18/08/2014 17:40
New Invincea COO Norm Laudermilch is a pioneer in IT security
I didn’t get interested in computer security until going to work in the intelligence community right out of college.
I can’t talk about the agency I worked with as a government contractor. But the next thing I knew, I was solving security problems critical to our nation’s security.
This is the late ’80s and early ’90s. There was no security industry in those days. This is really when all the groundwork was being laid for what would become the information security industry that we take for granted today. I was very lucky to get in on the ground floor when some of the greatest minds in security were just coming together.
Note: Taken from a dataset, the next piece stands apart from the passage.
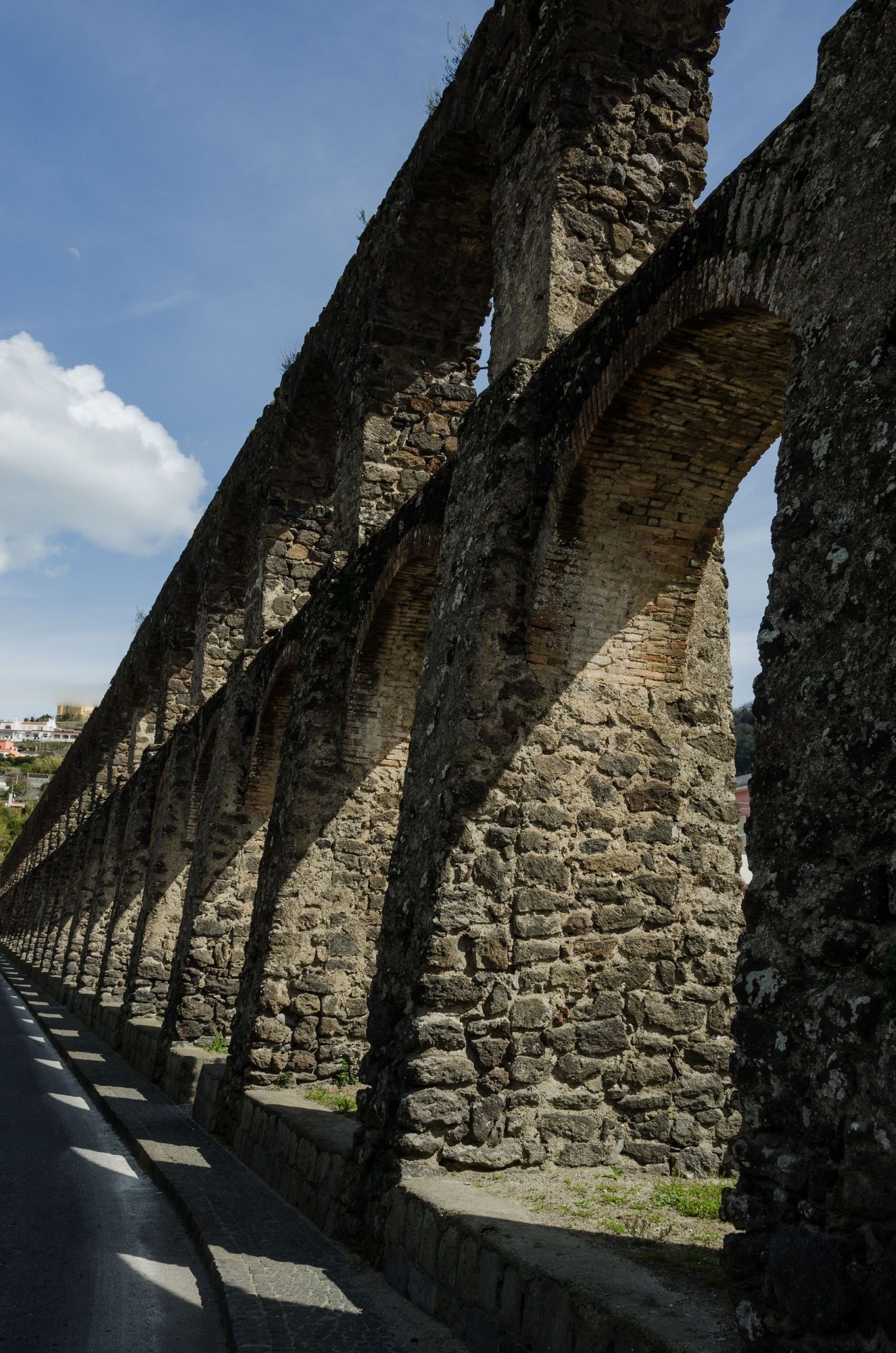 Ischia also has an water viaduct down its middle called The Piastri Pillars. We were told that it was built in the 17c and was not as we'd assumed ancient Roman. Nitrodi is the name of one established old spa that markets its special drinking waters.

The Internet explosion was happening. I got the great honor of being probably what was one of the first [chief information security officers] in the world. UUnet, one of the first Internet services companies, called me out of the blue. I was really honored to be chosen as that person, and that is what drew me out of the intelligence world and into the commercial space.
If you think back to when smartphones first started coming out and people were syncing their e-mails and their corporate files to these mobile devices, all of a sudden the corporate perimeter that we used to think of as the border for security no longer existed. So we created a company called Trust Digital to apply the same security fundamentals to mobile devices, because now the corporate network extended to every one of their employees’ pockets.
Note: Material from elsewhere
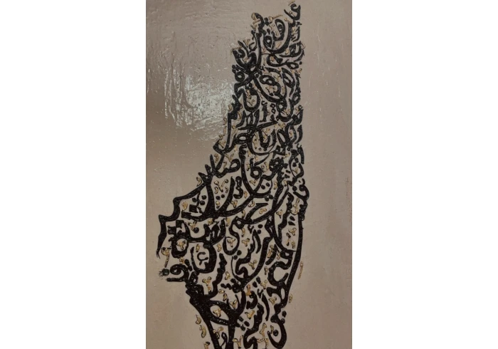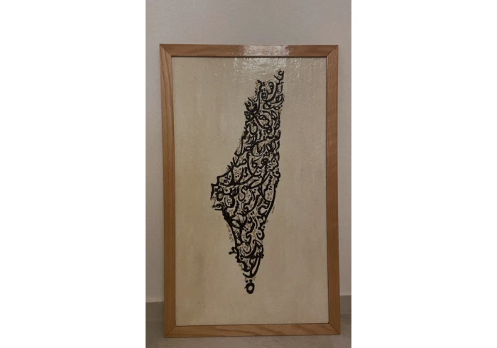 اللوحة عبارة عن خارطة فلسطين يتخللها ابيات من قصيدة الشاعر محمود درويش بالخط العربي ( على هذه الارض ما يستحق الحياة )

At Terremark, we’re now solving the security problem on a global scale, because cloud computing has now become one of the largest tools in the IT administrator’s toolbox. Just about every corporation in the world is outsourcing some piece of their IT services or their IT technology. At Terremark, we were not only focused on building the data centers and the cloud-computing infrastructure that IT administrators use, but I was also focused on securing that infrastructure so that as companies outsourced their IT infrastructure, they got better security, better performance and better availability than they can deliver themselves.
I’ve been innovating in the security space at this point for 25 years, and in my mind, right now the most critical area of IT security that needs innovation and a total renovation is endpoint security. It’s the person sitting at their desk or the person with their laptop at Starbucks. It’s the biggest threat we face.
I looked at a lot of companies, and Invincea’s creative approach to securing the endpoint in a new way was irresistible to me. As I interviewed, I learned they have a world-class team, some of the best I’ve ever met in my life, so I joined them.